Show HN: Beating Microsoft's Garnet KV Store in less than 300 lines of code

danpalmer · 2024-03-23T18:22:45 1711218165

Nice demo! I wonder whether GPU acceleration is actually beneficial for real-world examples, i.e. once you add network overhead, real world data sizes, the more complex data structures that Redis/Garnet offer, etc.

Maybe this would be particularly useful as an embedded KV store in another larger application where perhaps the limitations of the VRAM size are less important. My guess is the main beneficiaries of that would be ML training, but as they're already using the VRAM it might not work out there.
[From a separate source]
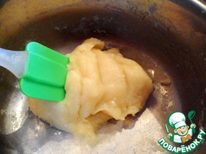 Делаем заварное тесто. Воду, сахар и масло довести до кипения, всыпать муку и постоянно помешивая, проварить 2 минуты на маленьком огне.

winwang · 2024-03-24T02:05:20 1711245920

While network overhead always exists, the goal would be take advantage of the seemingly 10x performance headroom on a GPU as compared to a CPU. Not to mention, GPUs are getting more and more HBM capacity.

Of course, you're right to wonder about how GPUs behave with more complex structures -- I'm not sure. Research papers seem to get pretty good results for stuff like skip lists and b+trees? The general idea, though, is that GPU compute + bandwidth optimized memory is better/more efficient for high-throughput compute, if you can stomach a couple tens of microseconds. Coincidentally, network latencies force you to stomach that anyway.